Exercise details: Scan the records below for the line containing "當(dāng)前位置:首頁 > 華城動(dòng)態(tài)" and the line containing "A fine English". Copy both, plus every line between, exactly.
*** Data listing ***
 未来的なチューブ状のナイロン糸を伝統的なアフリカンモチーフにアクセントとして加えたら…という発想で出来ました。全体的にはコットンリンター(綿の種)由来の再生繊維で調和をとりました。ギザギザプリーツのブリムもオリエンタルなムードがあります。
*** End of Data listing ***
*** Data listing ***
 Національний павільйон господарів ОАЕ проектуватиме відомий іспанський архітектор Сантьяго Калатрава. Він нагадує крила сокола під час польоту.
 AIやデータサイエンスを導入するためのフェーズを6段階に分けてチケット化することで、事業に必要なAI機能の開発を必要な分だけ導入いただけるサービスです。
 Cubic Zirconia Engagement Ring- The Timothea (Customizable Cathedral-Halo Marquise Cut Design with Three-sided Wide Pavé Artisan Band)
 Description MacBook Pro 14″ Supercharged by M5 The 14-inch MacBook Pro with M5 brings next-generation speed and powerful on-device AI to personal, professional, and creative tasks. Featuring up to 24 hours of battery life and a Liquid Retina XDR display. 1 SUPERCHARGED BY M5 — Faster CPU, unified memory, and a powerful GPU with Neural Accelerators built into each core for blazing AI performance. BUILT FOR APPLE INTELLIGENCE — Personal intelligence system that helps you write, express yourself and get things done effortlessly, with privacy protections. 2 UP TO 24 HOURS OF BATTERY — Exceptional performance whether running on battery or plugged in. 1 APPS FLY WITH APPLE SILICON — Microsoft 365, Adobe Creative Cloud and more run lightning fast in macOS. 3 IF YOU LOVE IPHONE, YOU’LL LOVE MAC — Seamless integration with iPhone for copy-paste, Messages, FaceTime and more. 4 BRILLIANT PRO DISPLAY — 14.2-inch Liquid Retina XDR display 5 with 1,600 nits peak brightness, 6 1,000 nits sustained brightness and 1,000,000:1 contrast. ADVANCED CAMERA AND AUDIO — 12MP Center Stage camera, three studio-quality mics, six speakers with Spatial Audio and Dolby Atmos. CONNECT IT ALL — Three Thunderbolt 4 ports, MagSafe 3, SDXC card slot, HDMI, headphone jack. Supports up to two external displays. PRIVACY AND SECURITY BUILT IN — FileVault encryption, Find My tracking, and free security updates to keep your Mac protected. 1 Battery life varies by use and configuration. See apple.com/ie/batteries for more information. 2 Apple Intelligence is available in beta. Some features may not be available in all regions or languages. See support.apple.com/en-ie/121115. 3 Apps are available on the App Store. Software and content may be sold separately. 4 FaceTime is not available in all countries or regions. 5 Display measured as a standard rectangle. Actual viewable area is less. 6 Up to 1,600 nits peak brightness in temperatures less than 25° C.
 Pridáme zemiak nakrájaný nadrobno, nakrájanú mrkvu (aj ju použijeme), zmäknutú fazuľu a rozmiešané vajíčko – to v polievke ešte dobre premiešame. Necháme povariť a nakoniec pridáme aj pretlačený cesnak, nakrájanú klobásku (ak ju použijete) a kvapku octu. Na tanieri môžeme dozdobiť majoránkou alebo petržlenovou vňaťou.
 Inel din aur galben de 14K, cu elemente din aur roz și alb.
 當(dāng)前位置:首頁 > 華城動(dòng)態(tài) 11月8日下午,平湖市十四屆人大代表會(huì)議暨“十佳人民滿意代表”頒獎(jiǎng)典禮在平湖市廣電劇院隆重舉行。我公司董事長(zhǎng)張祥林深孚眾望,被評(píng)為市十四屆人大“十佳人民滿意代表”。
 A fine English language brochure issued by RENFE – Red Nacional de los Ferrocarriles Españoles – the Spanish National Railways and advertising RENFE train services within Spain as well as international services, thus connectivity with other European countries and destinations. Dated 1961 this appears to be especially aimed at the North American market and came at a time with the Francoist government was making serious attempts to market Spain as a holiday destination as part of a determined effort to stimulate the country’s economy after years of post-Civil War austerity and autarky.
*** End of Data listing ***
Written response:
 當(dāng)前位置:首頁 > 華城動(dòng)態(tài) 11月8日下午,平湖市十四屆人大代表會(huì)議暨“十佳人民滿意代表”頒獎(jiǎng)典禮在平湖市廣電劇院隆重舉行。我公司董事長(zhǎng)張祥林深孚眾望,被評(píng)為市十四屆人大“十佳人民滿意代表”。
 A fine English language brochure issued by RENFE – Red Nacional de los Ferrocarriles Españoles – the Spanish National Railways and advertising RENFE train services within Spain as well as international services, thus connectivity with other European countries and destinations. Dated 1961 this appears to be especially aimed at the North American market and came at a time with the Francoist government was making serious attempts to market Spain as a holiday destination as part of a determined effort to stimulate the country’s economy after years of post-Civil War austerity and autarky.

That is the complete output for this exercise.